Di alun-alun Kota Magelang terdapat patung Pangeran Diponegoro sedang
berkuda. Saya sudah terkesima dengan patung ini bahkan ketika baru
lancar membaca. Apa hubungannya patung ini dengan bacaan? Karena sebuah
tulisan di bawahnya: turangga titihan sekaring bawana. Artinya: kuda tunggangan kembang dunia! Saya terpana pada kalimat itu.
Di kali yang lain, di alun-alun ini saya pernah kehabisan uang dan
kelaparan. Patung itulah yang menggugah saya dengan semangatnya. Dalam
pandangan saya waktu itu, patung ini adalah karya seni yang sempurna.
Kuda itu gagah sekali. Jika kudanya saja gagah, apalagi penunggangnya.
Itulah Pangeran Diponegoro, tokoh yang namanya memaksa penyair seangkuh
Chairil Anwar harus menulis sajak untuknya. Tokoh yang makamnya amat
jauh dari kota kelahirannya. Saya pernah berziarah di makam itu, di
Makasar sana dan merenung: hidup dan mati memang sedekat urat leher.
Tapi jarak antara tempat kelahiran dan tempat kematian bisa seluas
samudera.
Di patung itu, Pangeran tampak gagah di atas kuda, matanya tajam sambil
jarinya menunjuk ke kejauhan. Itulah jari yang barangkali sedang
menuding preman-preman pribumi yang mematoki tanah saudaranya sendiri
atas perintah Kumpeni. Dan meskipun Diponegoro menunjukkan kemarahnnya
sejak tahun 1825 atas premanisme, watak itu masih merajalela hingga
kini.
Pemilik jari itulah yang di Magelang, mencium untuk pertama kali bahaya
pejajahan. Penciuman semacam itulah yang saya sebut sebagai visi. Tapi
meksipun indera penciuman atas pejajahan itu telah ia ajarkan sejak
lama, keterjajahan masih berlangsung hingga kini. Karena harga yang
jatuh di pasar bursa Amerika, rupiah pula yang ikut menangung derita.
Kita yang memiliki tambang, tetapi kepada kita cuma kebagian bagi
hasilnya.
Kita kembali pada kalimat itu, turangga titihan sekaraning bawana,
kuda tungangan sang kembang jagat itu. Pada imajinasi saya watu itu,
turangga adalah pihak yang menjadi daya tarik pertama saya. Terlebih
lagi kalimat ini memang mendahulukan sang kuda katimbang penunggangnya.
Ada apa dengan kuda, pikir saya.
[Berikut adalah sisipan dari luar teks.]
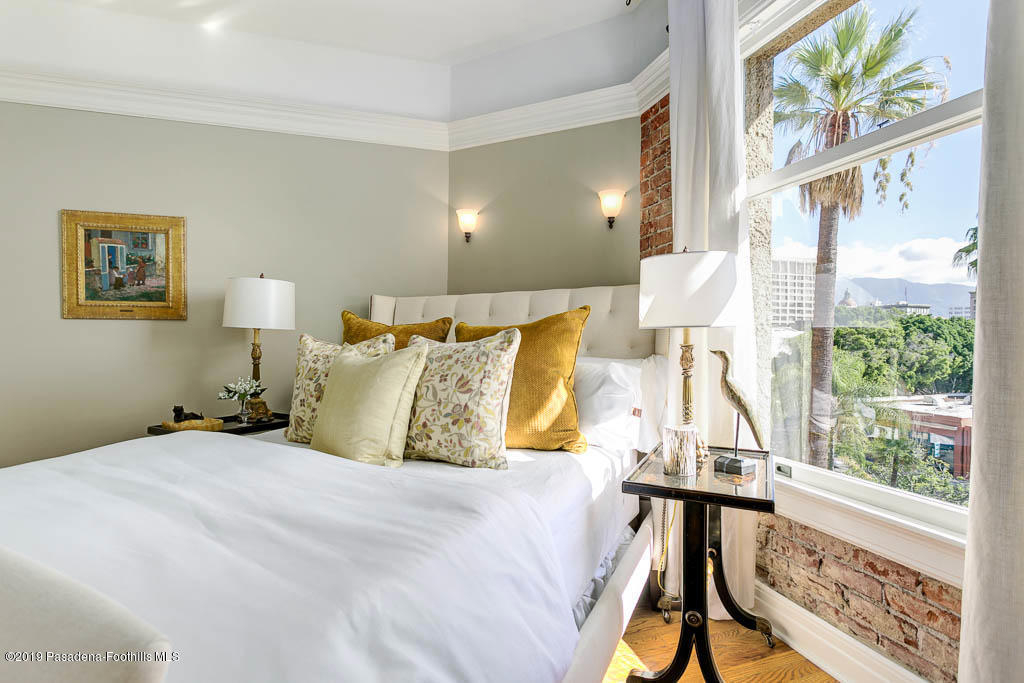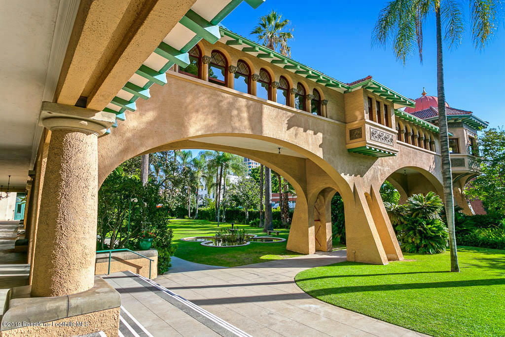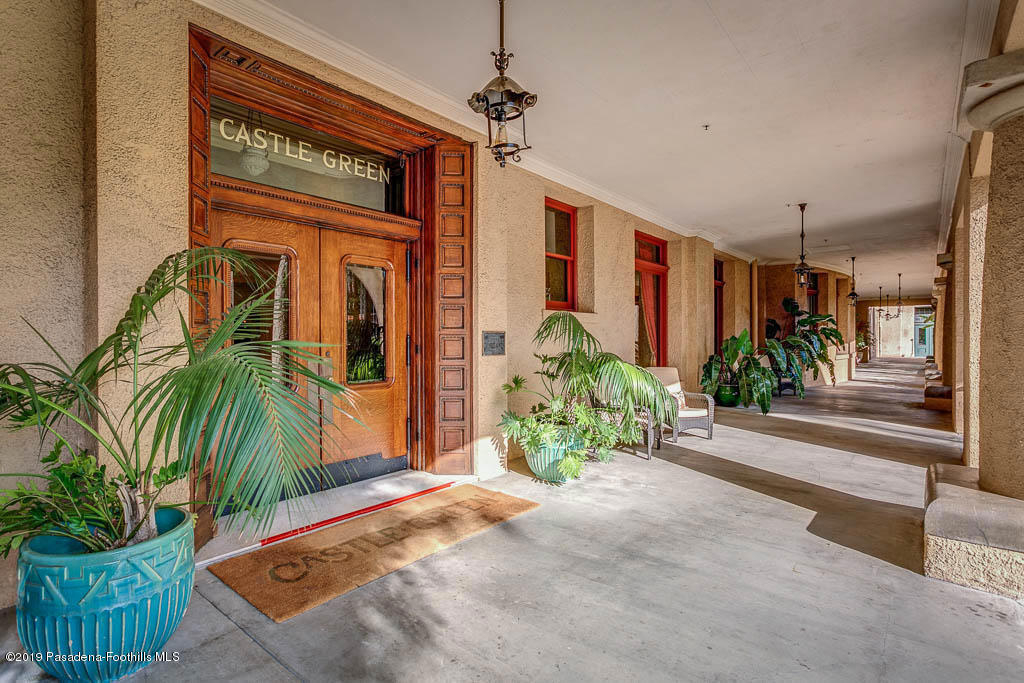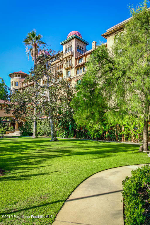 Situated in the center of Old Town Pasadena, Castle Green is an iconic and architecturally significant landmark originally built in 1898 that is included on the National Register of Historic Places and Mills Act status.Beautifully restored to it's original grandeur, behind the gates a doorman welcomes you into the lobby w/Moorish, Craftsman & Victorian influenced public rooms, wide marble staircase & wrought iron elevator. The Executive Studio Unit has been completely updated w/ high-end modern conveniences & architectural integrity throughout. Solid hardwood & stone tile floors, custom bulit-in bookcases and cabinetry, crown molding, floor to ceiling windows w/ motorized curtains that provide mountain views beyond the expansive grounds & Koi pond below. An open Living Space w/ decorative fireplace ,dining area and chef's kitchen that includes both Viking/Fisher & Paykel appliances. A spacious Full Bathroom w/ shower over tub, custom stone tile and walk-in closet allows for additional storage. HOA includes electricity, gas, water, in-building laundry machines, 24 hr elevator service and use of public rooms, extensive grounds & building events. Walkable to all the best Old Town Pasadena has to offer.A truly 'turn key' unit that is ready to impress!

Oo, bukan sembarang kedua, melainkan
kuda tunggangan seorang kesatria yang menggemparkan Indonesia. Seorang
yang lahir dari desa kecil tetapi harus membuat Belanda menguras brankas
untuk membiaya sebuah perang yang melelahkan. Diponegoro memang kalah,
tetapi tak surut kekaguman saya kepadanya karena selalu ada kekalahan
yang juara. Dan kepada para juara, ada kehormatan penuh yang siaga
senantiasa.
Dan sang Juara itu telah memilih kudanya. Ia seperti Michael Scumacher
yang yang telah memilih mobil Formulanya. Bahkan kursi kemudinya pun
pasti layak dikoleksi. Maka patung kuda itu bisa tetap berlama-lama.
Karena tidak sembarang mobil Scumacher sudi menaiki. Tak sembarang kuda
Diponegoro mau menunggangi. Ia pasti kuda yang dalam bahasa KiTimbul, dalang sepuh Yoga, sebagai kuda yang sudah katara, katari dan katarimah, kuda yang sudah terlihat, terseleksi dan akhirnya terterima.
Kuda yang baik, memang langsung katara, terlihat dari tongkrongannya,
begitu juga orang yang baik. Tetapi tongkrongan saja bisa menipu jika ia
tidak katari, jika tidak diteliti, ditawari, diseleksi, diuji, digosok,
digesek, dan dipoles sedemikan sampai akhinya lolos dan katarimah,
diterima, disetujui dan percayai.
Patung kuda itu memang memenjara saya dalam kekaguman karena bahkan ia
disebut pertama dan baru menyusul penunggangnya. Tapi ternyata selalu
ada pihak yang sengaja disebut pertama cuma untuk menegaskan kehormatan
pihak kedua. Jadi di manapun nomor urut Anda, tak penting benar
sepanjang Andalah pemilik kehormatan itu. Ia akan mengalir ke mana-mana.
Walau orang lain disebut pertama, percayalah, ia cuma untuk
mengingatkan Anda sebagai pusatnya. Jadi jika engkau telah menjadi
kembang jagat raya, apa yang ada di dekatmu, akan menjadi terciprati
harumnya tak peduli ia cuma seekor kuda.